WORK TO BE COMPLETED:
Nothing but the lines from the one holding "Center Stone Shape: Round" through the last line of the material below should be set down, exactly and without images.

RECORDED INFORMATION:
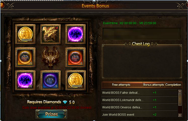 - Any player who participates in the World Boss event will receive 2 prize draws.
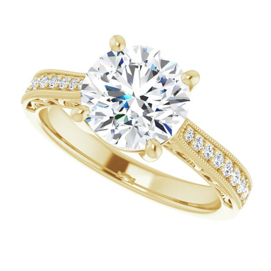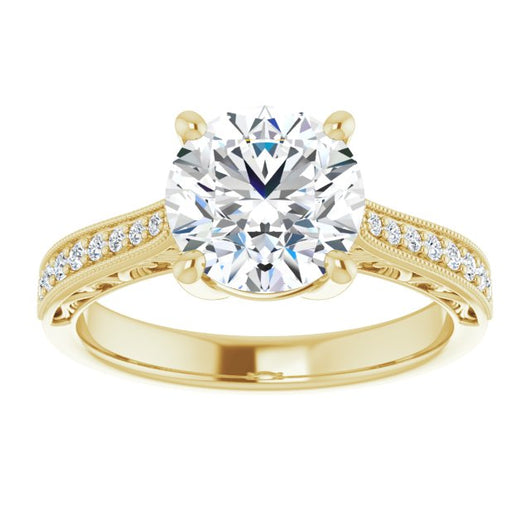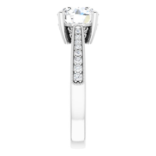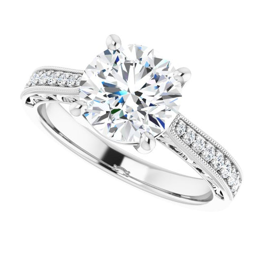 Center Stone Shape: Round Cut (as pictured). See this customizable ring set with other available center stone shapes here: customize setting.
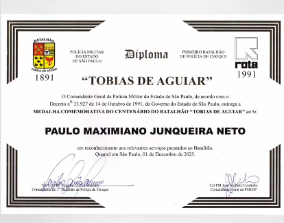 Coube ao Cel. Mello Araujo, vice-prefeito de São Paulo e ex-comandante da Rota, a honraria de entregar o diploma a Paulo Junqueira
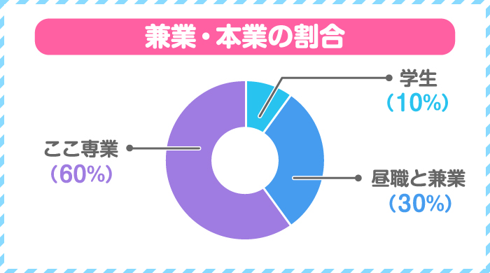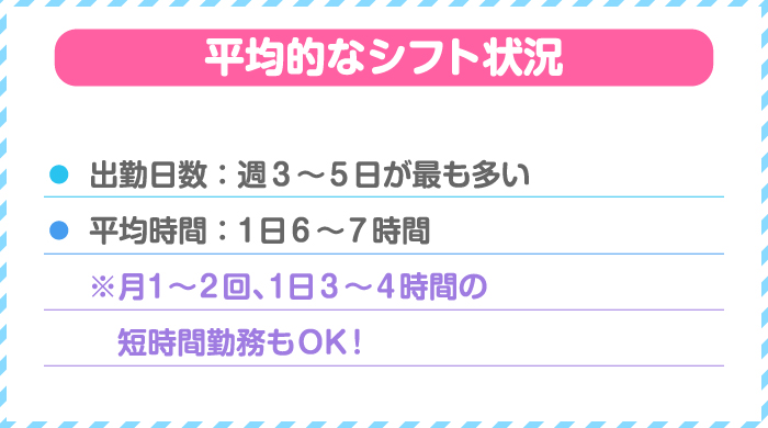 また、何かしらのお仕事をしつつ掛け持ちで働きたいという方も多いため、自由出勤であることも主な理由の1つのようです。兼業しやすい、月に1~2回、3~4時間の短時間出勤もOKな自由シフト制となっております。
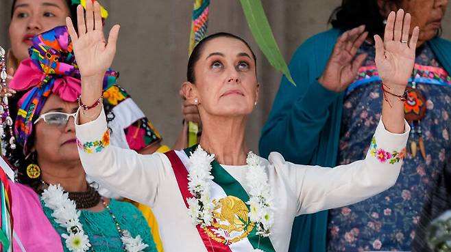 클라우디아 셰인바움 멕시코 대통령은 8일(현지시간) 열린 병원 개소식에서 미국 이민세관단속국이 최근 로스앤젤레스에서 구금한 이민자에는 멕시코 국적자 35명이 포함됐다고 밝혔습니다.

RESPONSE BELOW:
 Center Stone Shape: Round Cut (as pictured). See this customizable ring set with other available center stone shapes here: customize setting.
 Coube ao Cel. Mello Araujo, vice-prefeito de São Paulo e ex-comandante da Rota, a honraria de entregar o diploma a Paulo Junqueira
 また、何かしらのお仕事をしつつ掛け持ちで働きたいという方も多いため、自由出勤であることも主な理由の1つのようです。兼業しやすい、月に1~2回、3~4時間の短時間出勤もOKな自由シフト制となっております。
 클라우디아 셰인바움 멕시코 대통령은 8일(현지시간) 열린 병원 개소식에서 미국 이민세관단속국이 최근 로스앤젤레스에서 구금한 이민자에는 멕시코 국적자 35명이 포함됐다고 밝혔습니다.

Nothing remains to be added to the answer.